Sometimes, when you’re at the starting line as a family caregiver, you may never imagine what challenges, feelings of frustration and sadness lie ahead. But you may also be surprised at the bountiful gifts of love you receive.
The holidays can be especially challenging for caregivers who may feel overwhelmed and burned out from being a primary source of care for loved ones.
The complicated journey that Susan A. Marshall took began and ended with her caring for both parents before they passed away. Her mother died three years ago after a lightning fast decline due to dementia. Her father has been gone four years due to a decade-long battle with Alzheimer’s.
Caring for loved ones puts a constant stress on families. “One of the things I hear most often is how alone they feel. I assure them they are not alone –there are many resources for those who are caring for people with Alzheimer’s or dementia.”
She will be sharing what she learned in an informative Zoom presentation with the Alzheimer’s and Dementia Alliance of Wisconsin and their partners on Thursday, Dec. 17.
“Caregiving for those with Alzheimer’s and dementia is especially challenging,” Marshall said, “because you’re grieving for them while they are still there, while they are fading away.”
She is a business leader (founder of Backbone Institute. https://backboneinstitute.com/) and author of the newly released book, Mom’s Gone Missing, a deeply moving story about her experiences as the major caregiver for her parents.
Former Wisconsin governor weighs in
The foreword to Marshall’s book was written by Martin Schreiber, former Wisconsin Governor, and author of My Two Elaines. He described his journey caring for his wife who struggled with Alzheimer’s.
“Anyone who is about to journey as a caregiver or anyone who wants to understand what caregiving is truly like must read about the experiences of a caregiving daughter, Susan A. Marshall,” Schreiber wrote in the foreword. “She openly and candidly shares with us her excruciating journey as a caregiver for both her mom and dad.
“It is unfortunate we do not have a medicine to cure the loved one who is ill, to give the caregiver the necessary patience, understanding, acceptance, humor, and perspective that are so critically needed at this time,” Schreiber continued. “While no medicines like that are available currently, we do have Mom’s Gone Missing. It will not cure or take away the pain but it will help the caregiver survive and maybe even thrive.”
In her own words
Marshall’s book starts with a call in 2016 from her sibling in Colorado who said, “Mom’s Gone Missing.”
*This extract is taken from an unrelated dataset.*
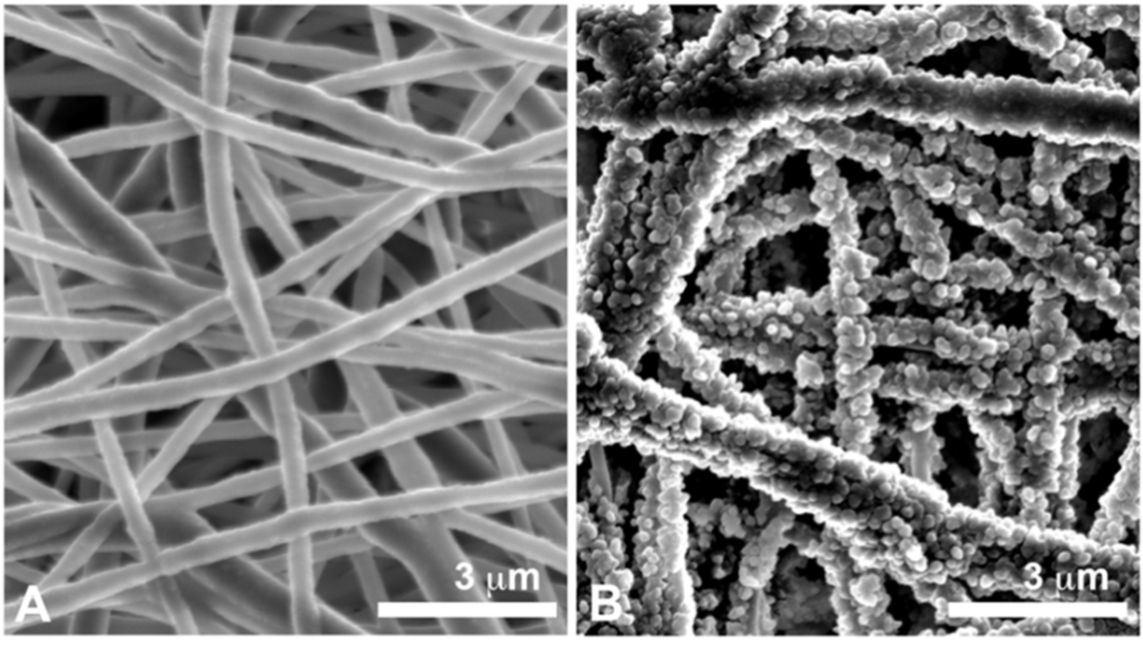 Scanning Electron Microscopy (SEM) observations. (A) Nanofibrous polycaprolactone membrane with an electrospun nanofiber network that mimics the pattern of the connective tissue matrix (B) Nanofibrous polycaprolactone membrane functionalized with nanoreservoirs of growth factors.

She explains her feelings in the preface of her book. “Writing about family experiences is always fraught with the dangers of misinterpretation, colliding viewpoints, and hurt feelings,” Marshall said. “With this danger at the forefront of my mind, I set out to bring the experience of Dad’s long journey through Alzheimer’s disease, Mom’s experience as his lifelong partner and caretaker, and Mom’s rapid decline and death surprisingly soon after Dad’s passing.
“My sole and sincere reason in writing this,” Marshall added, “is to offer information and encouragement to anyone who is now or will one day be confronting the declining health and ultimate passing of a parent or beloved family member.”
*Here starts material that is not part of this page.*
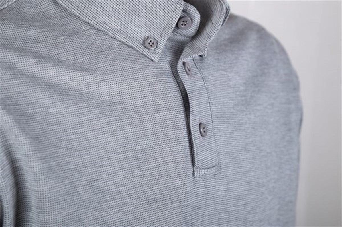 VAV Tlac-02 Polo Yaka Uzun Kollu Tişört Gri L

Marshall looked back on what she’s learned from her personal journey as a caregiver. “Actually anything can go wrong in life,” Marshall said. “We get into comfortable patterns and sometimes we think we can control more than we can. But after going through a crisis, and boiling down what’s most important, I came to terms knowing that I can only do today.”
Caregiving on many minds
Research has found that family caregivers of people with dementia experience more burden and are at greater risk of developing depression than caregivers of people with a chronic illness. Dementia symptoms include diminished reasoning, memory, social and language skills that can alter a person’s ability to function in daily life. Alzheimer’s disease is the most common form of advanced dementia.
Alzheimer’s is a chronic, progressive, fatal disease and caregiving at home for someone with the disease is fraught with challenges but also rewards.
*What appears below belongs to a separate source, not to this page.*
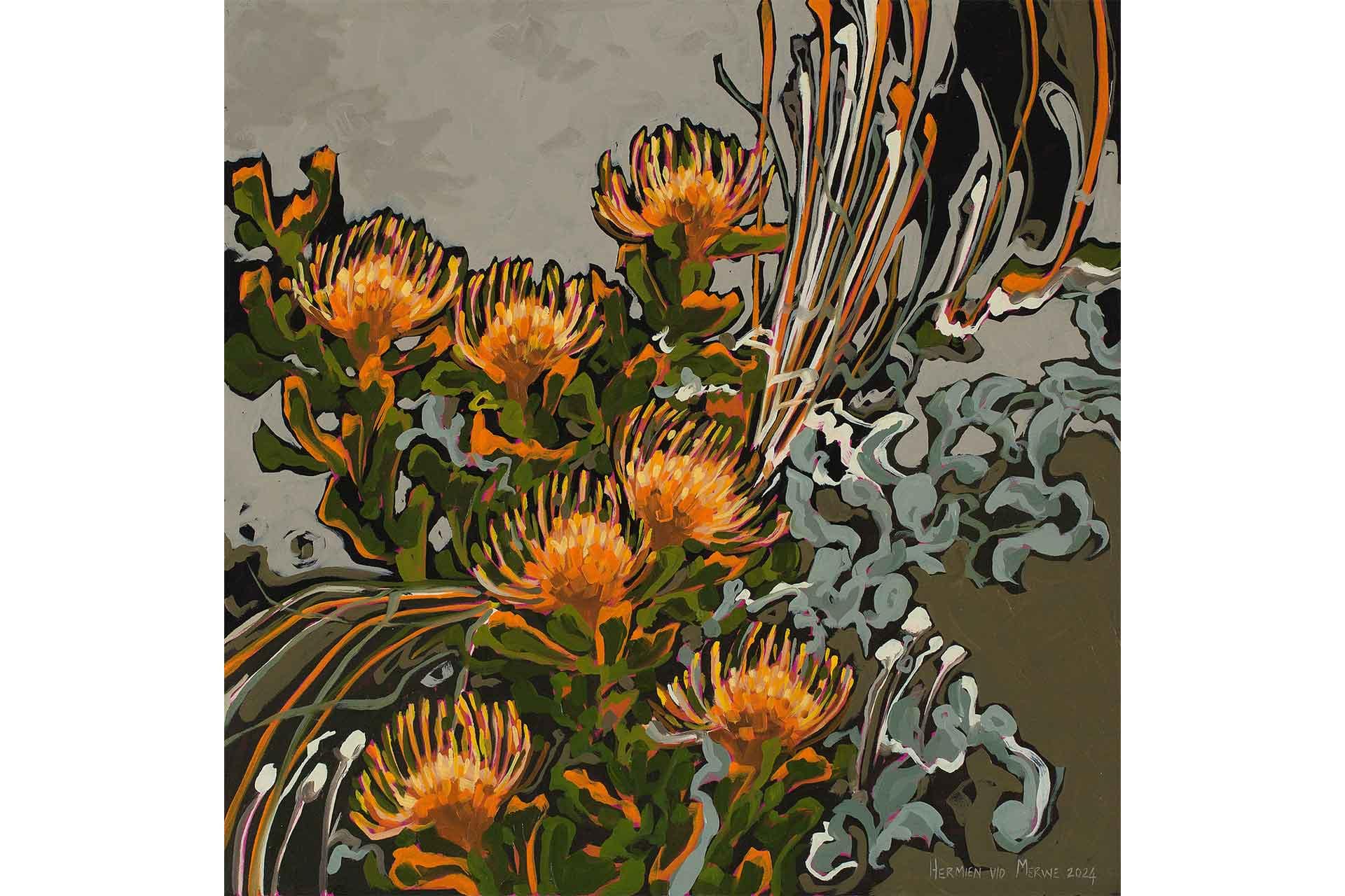 Pincushions, Restios and Helichrysum leaves – Amplify series

Alzheimer’s associations encourage caregivers to reach out for assistance and take care of themselves. Because of the progressive, debilitating nature of the disease and the extended length of the caregiving process, multiple services are needed to provide comprehensive support and education to dementia caregivers.
Marshall said prior to her mom’s illness they did not have a close relationship, but dementia changed that.
“I cherished the last seven months I had with her,” Marshall recalled. “I got to know her as a person, not just a mom, and I grew to care for her more than ever.”
She often has an urge to call her mom today, but she added, “I just don’t have that number.”
Marshall hopes people will take simple but powerful messages from her book. “Remember to have humanity,” she said. “We need each other.”